Task goal:
Wherever a picture appears, skip it and retype the rest of the data exactly.

Material provided:
▼
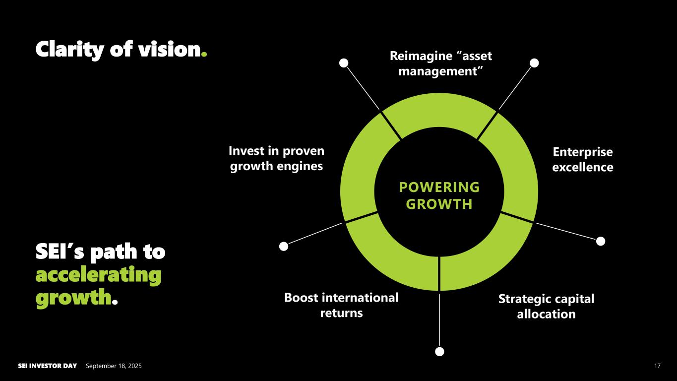 September 18, 2025SEI INVESTOR DAY 17 POWERING GROWTH Invest in proven growth engines Enterprise excellence Strategic capital allocation Boost international returns Reimagine “asset management” Reimagine “asset management” Clarity of vision. SEI’s path to accelerating growth.
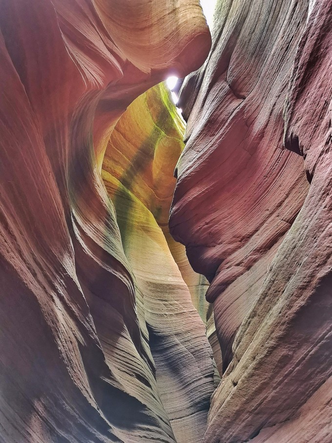 樺樹(shù)溝是景色最美最精華的峽谷,全長(zhǎng)300米左右,溝里游客很多,多到走不動(dòng)路。中午11點(diǎn)至下午2點(diǎn)光線最好,因?yàn)閸{谷頂部狹窄,如果沒(méi)有光線谷內(nèi)比較幽暗。樺樹(shù)溝上窄下寬, 和龍巴溝相反,巖石更有曲線和紋理,色彩也更豐富,配合恰好的光線,絕對(duì)能出大片。
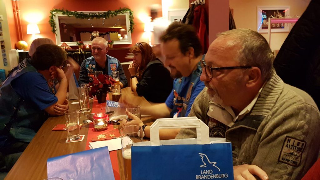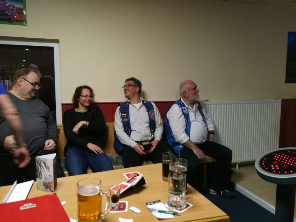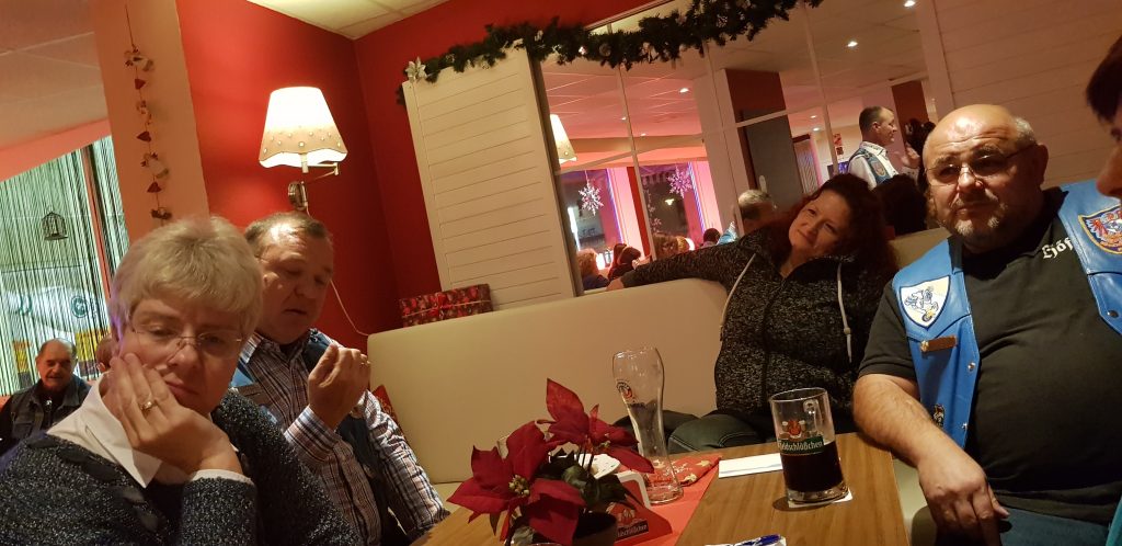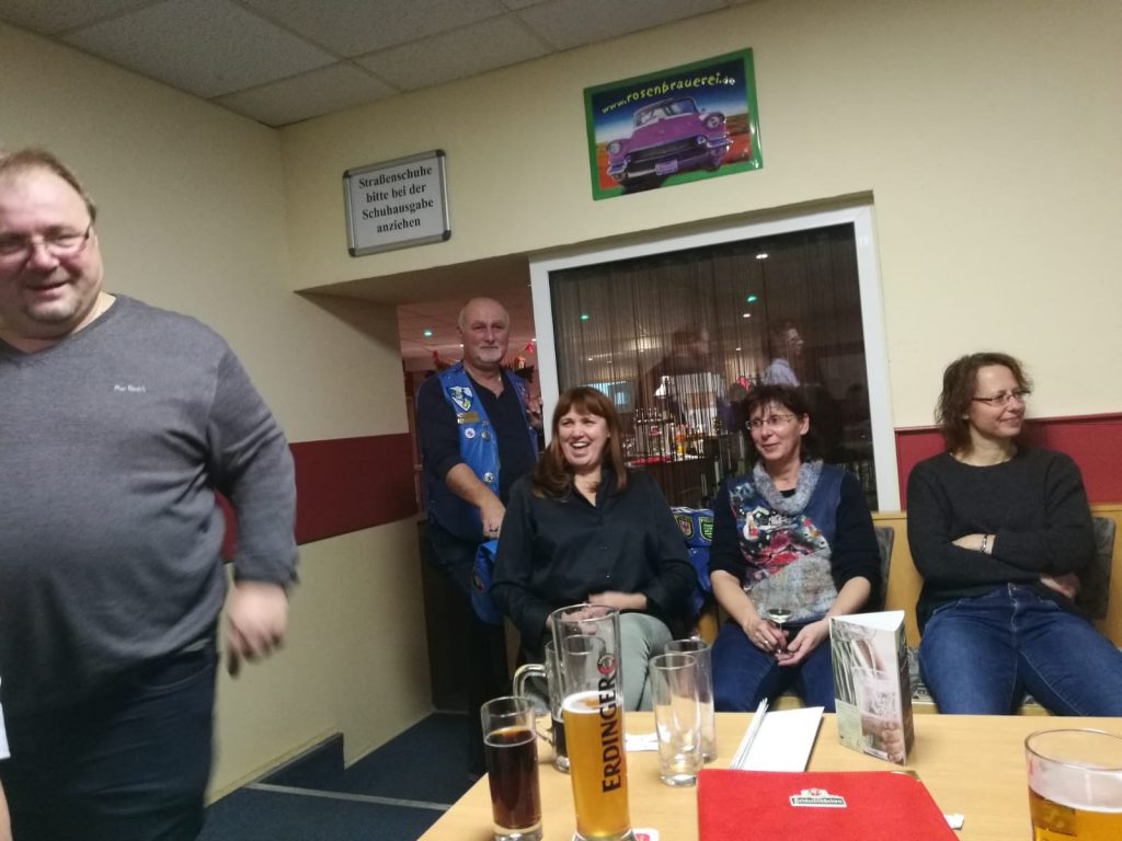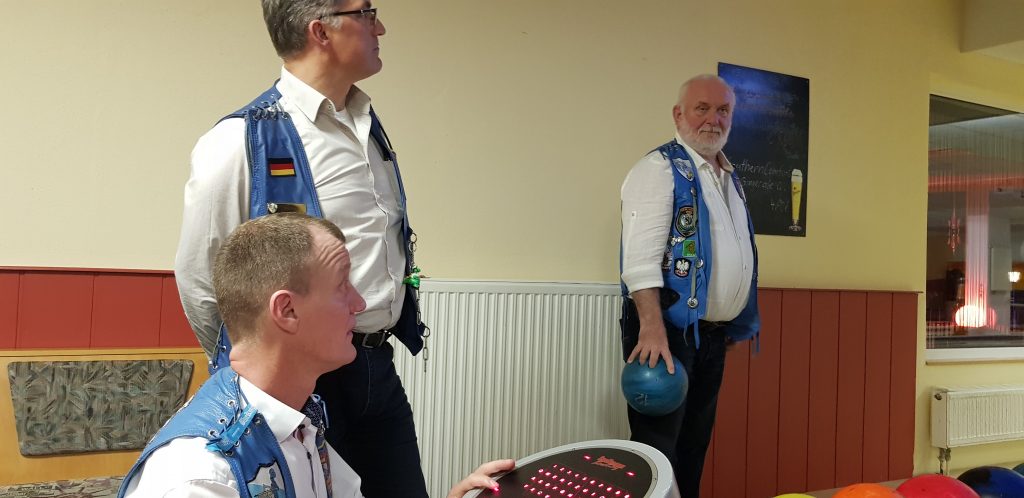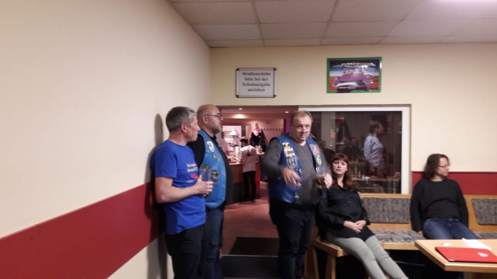 Am 08.12. zu 18:00 Uhr trafen wir uns zum Weihnachtsbowling / Weihnachtsfeier 2018. Als Veranstaltungsort wählten wir dieses mal auch wieder in Potsdam das Lokal „Märker Bowling“ aus. Ähnlich wie letztes Jahr kamen ganz schön Viele! War auch gut so, hatte unser Presi doch ne Menge zu erzählen und Geschenke hatte er auch noch bei! Es gab aber nicht nur positives zu berichten. Leider musste er verkünden, das Ulf (Höffi) uns verlassen und sich in Sachsen den XIX`ern anschließen wird. Ulf, dir alles Gute!!! Was hätte der Termin „Weihnachtsbowling“ für einen Sinn, ohne Bowling? Dies taten wir dann auch mit vollem Magen. Der eine hatte ne Ente in sich, ein Anderer eine Gans und … ! Zielwasser wurde auch schon ganz gut, zur Unterstützung der Treffsicherheit, zu sich genommen. Das war schon Lustig, die zwei Stunden. Bei mir hat das Zielwasser nicht viel geholfen! Bleibt die Frage: “ zu Viel oder zu Wenig?“ Ich hab leider keine Ahnung wer gewonnen hat, aber Spaß hatte ich reichlich! Wie war`s bei euch?
▲
Expected answer:
 September 18, 2025SEI INVESTOR DAY 17 POWERING GROWTH Invest in proven growth engines Enterprise excellence Strategic capital allocation Boost international returns Reimagine “asset management” Reimagine “asset management” Clarity of vision. SEI’s path to accelerating growth.
 樺樹(shù)溝是景色最美最精華的峽谷,全長(zhǎng)300米左右,溝里游客很多,多到走不動(dòng)路。中午11點(diǎn)至下午2點(diǎn)光線最好,因?yàn)閸{谷頂部狹窄,如果沒(méi)有光線谷內(nèi)比較幽暗。樺樹(shù)溝上窄下寬, 和龍巴溝相反,巖石更有曲線和紋理,色彩也更豐富,配合恰好的光線,絕對(duì)能出大片。
 Am 08.12. zu 18:00 Uhr trafen wir uns zum Weihnachtsbowling / Weihnachtsfeier 2018. Als Veranstaltungsort wählten wir dieses mal auch wieder in Potsdam das Lokal „Märker Bowling“ aus. Ähnlich wie letztes Jahr kamen ganz schön Viele! War auch gut so, hatte unser Presi doch ne Menge zu erzählen und Geschenke hatte er auch noch bei! Es gab aber nicht nur positives zu berichten. Leider musste er verkünden, das Ulf (Höffi) uns verlassen und sich in Sachsen den XIX`ern anschließen wird. Ulf, dir alles Gute!!! Was hätte der Termin „Weihnachtsbowling“ für einen Sinn, ohne Bowling? Dies taten wir dann auch mit vollem Magen. Der eine hatte ne Ente in sich, ein Anderer eine Gans und … ! Zielwasser wurde auch schon ganz gut, zur Unterstützung der Treffsicherheit, zu sich genommen. Das war schon Lustig, die zwei Stunden. Bei mir hat das Zielwasser nicht viel geholfen! Bleibt die Frage: “ zu Viel oder zu Wenig?“ Ich hab leider keine Ahnung wer gewonnen hat, aber Spaß hatte ich reichlich! Wie war`s bei euch?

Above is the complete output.